Write out, word for word, every line in the data below from the one containing "Jindal/Nikos Talaganis |" to the one containing "- Specify a", both of them included.

[[ Input, beginning ]]

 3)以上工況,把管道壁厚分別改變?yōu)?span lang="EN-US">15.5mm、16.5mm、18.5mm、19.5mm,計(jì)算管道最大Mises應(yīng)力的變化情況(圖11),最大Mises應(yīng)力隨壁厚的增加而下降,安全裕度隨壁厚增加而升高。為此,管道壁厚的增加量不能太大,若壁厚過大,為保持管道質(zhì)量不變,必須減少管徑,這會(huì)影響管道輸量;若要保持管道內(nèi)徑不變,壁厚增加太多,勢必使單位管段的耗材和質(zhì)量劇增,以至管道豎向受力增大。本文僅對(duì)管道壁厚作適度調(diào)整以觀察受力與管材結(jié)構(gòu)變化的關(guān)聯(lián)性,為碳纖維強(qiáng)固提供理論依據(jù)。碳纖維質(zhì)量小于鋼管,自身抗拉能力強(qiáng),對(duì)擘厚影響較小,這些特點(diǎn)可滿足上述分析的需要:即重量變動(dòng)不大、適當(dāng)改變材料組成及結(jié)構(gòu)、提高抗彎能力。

[[ Input, end ]]
[[ Input, beginning ]]

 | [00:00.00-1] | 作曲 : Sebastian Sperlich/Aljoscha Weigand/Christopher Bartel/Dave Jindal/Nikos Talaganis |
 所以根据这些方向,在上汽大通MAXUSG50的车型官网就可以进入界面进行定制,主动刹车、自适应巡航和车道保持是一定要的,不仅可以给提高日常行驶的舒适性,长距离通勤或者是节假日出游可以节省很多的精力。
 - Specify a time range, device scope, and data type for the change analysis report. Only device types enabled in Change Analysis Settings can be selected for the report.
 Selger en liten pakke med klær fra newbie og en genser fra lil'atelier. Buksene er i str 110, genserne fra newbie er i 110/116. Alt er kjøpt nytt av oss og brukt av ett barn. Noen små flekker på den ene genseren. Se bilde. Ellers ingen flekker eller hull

[[ Input, end ]]
[[ Input, beginning ]]

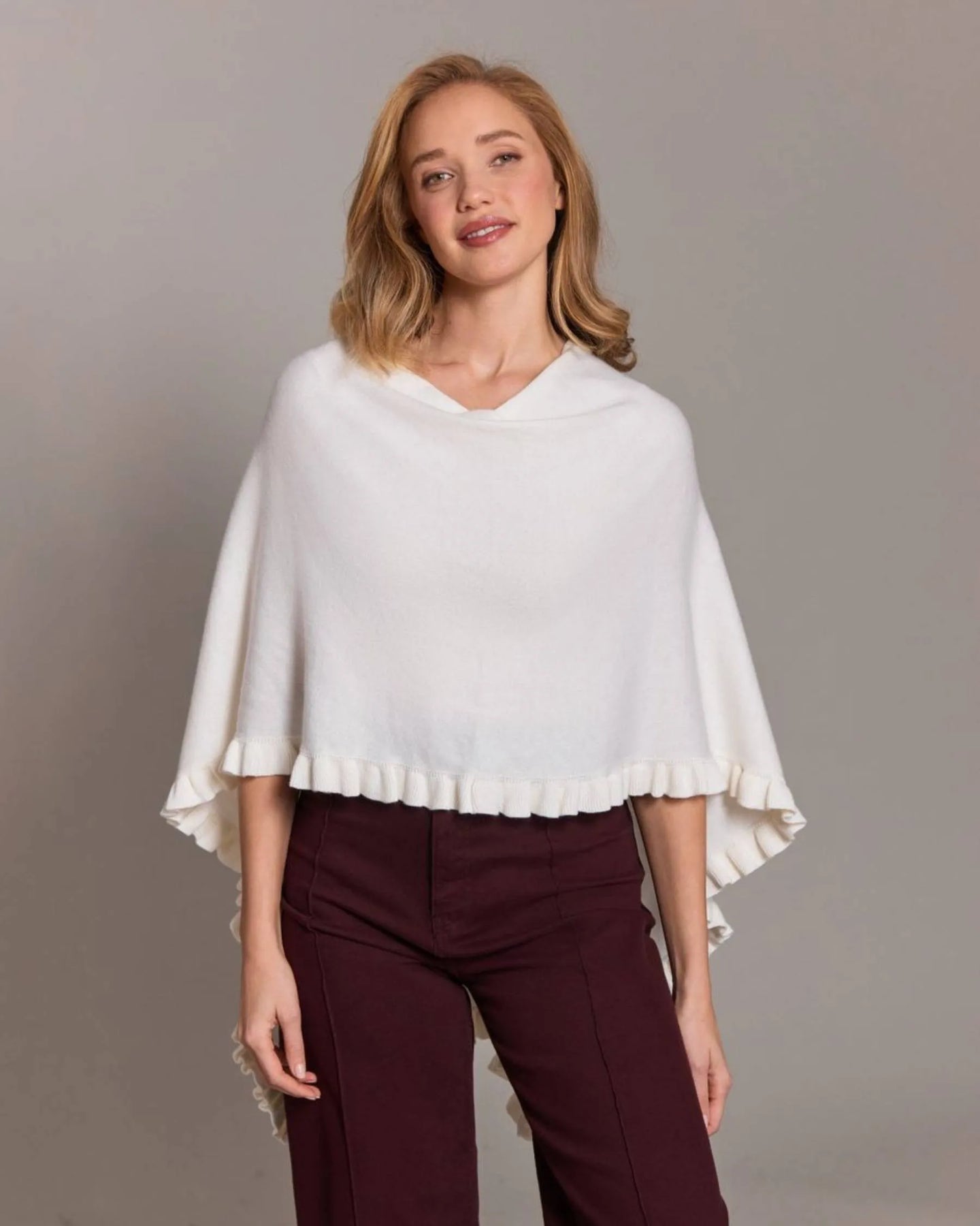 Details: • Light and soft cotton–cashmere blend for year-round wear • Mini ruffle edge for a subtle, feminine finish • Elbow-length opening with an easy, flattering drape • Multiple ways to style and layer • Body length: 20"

[[ Input, end ]]

**Task answer:**
 | [00:00.00-1] | 作曲 : Sebastian Sperlich/Aljoscha Weigand/Christopher Bartel/Dave Jindal/Nikos Talaganis |
 所以根据这些方向,在上汽大通MAXUSG50的车型官网就可以进入界面进行定制,主动刹车、自适应巡航和车道保持是一定要的,不仅可以给提高日常行驶的舒适性,长距离通勤或者是节假日出游可以节省很多的精力。
 - Specify a time range, device scope, and data type for the change analysis report. Only device types enabled in Change Analysis Settings can be selected for the report.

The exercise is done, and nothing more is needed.